(AVAILABLE DATA Opens)

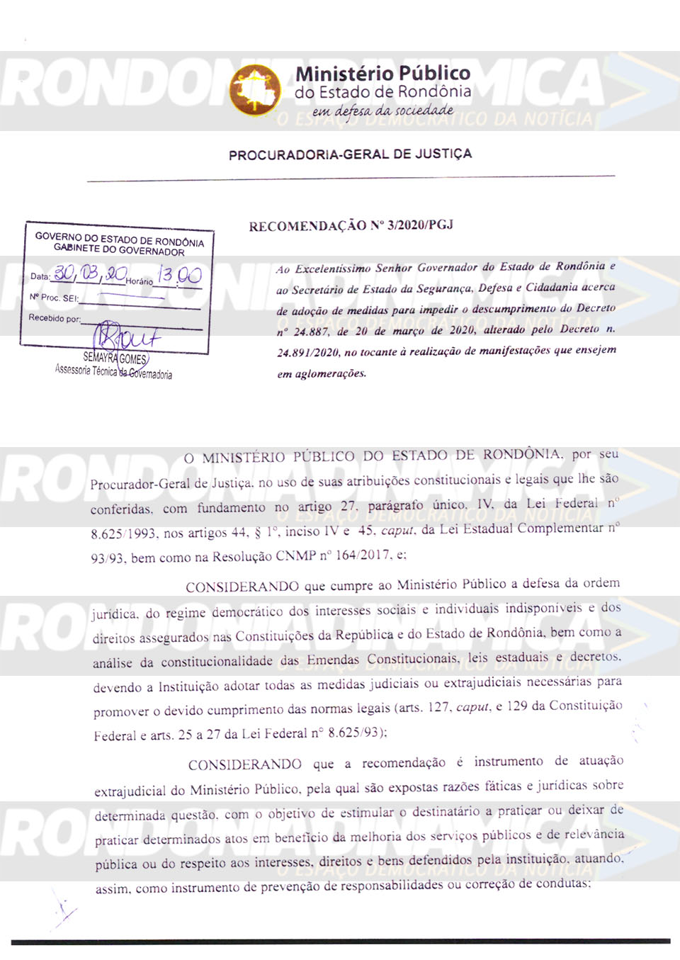 Porto Velho, RO — O Ministério Público do Estado (MP/RO) expediu recomendação endereçada ao governador Marcos Rocha, do PSL, encaminhada também para o titular da Secretaria de Estado da Segurança, Defesa e Cidadania (Sesdec/RO) José Hélio Cysneiros Pachá, conhecido como coronel Pachá.
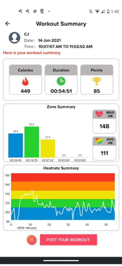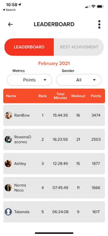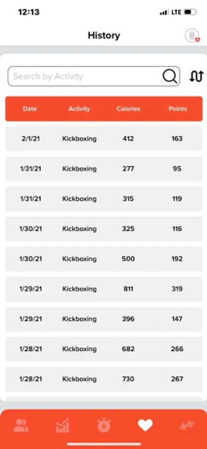 > Track workout history over time, including week, month, year and all time. View Total Workouts, Total Calories and Total Points earned for each period.
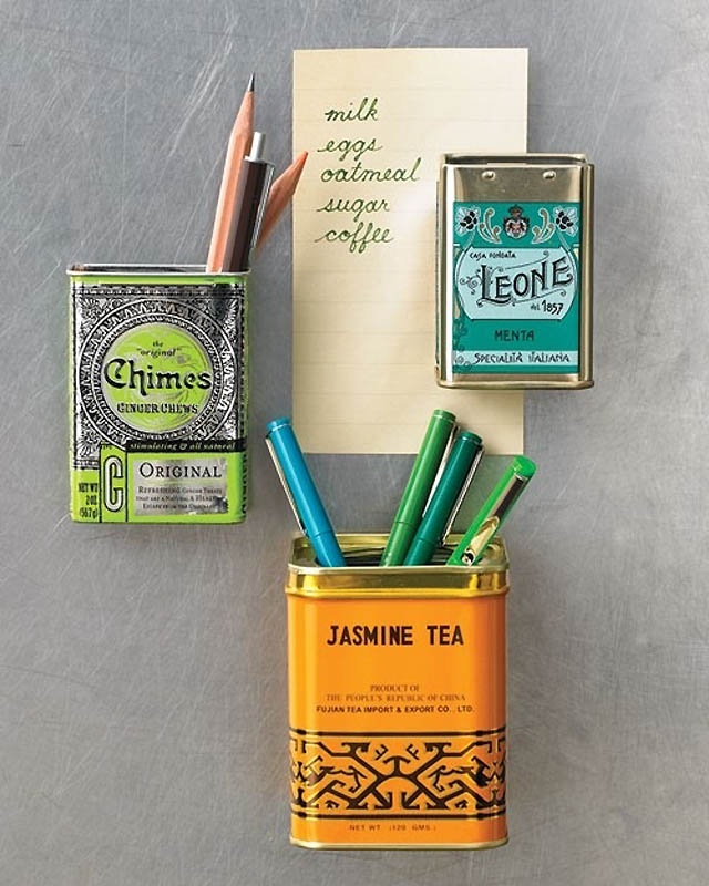 63. Баночки из-под чая и кофе — используя магнит, можно использовать их таким образом, прилепив на холодильник.

(AVAILABLE DATA Closes)

**WORK TO BE COMPLETED**
Repeat the data verbatim, excluding all pictures.

**YOUR SOLUTION**
 Porto Velho, RO — O Ministério Público do Estado (MP/RO) expediu recomendação endereçada ao governador Marcos Rocha, do PSL, encaminhada também para o titular da Secretaria de Estado da Segurança, Defesa e Cidadania (Sesdec/RO) José Hélio Cysneiros Pachá, conhecido como coronel Pachá.
 > Track workout history over time, including week, month, year and all time. View Total Workouts, Total Calories and Total Points earned for each period.
 63. Баночки из-под чая и кофе — используя магнит, можно использовать их таким образом, прилепив на холодильник.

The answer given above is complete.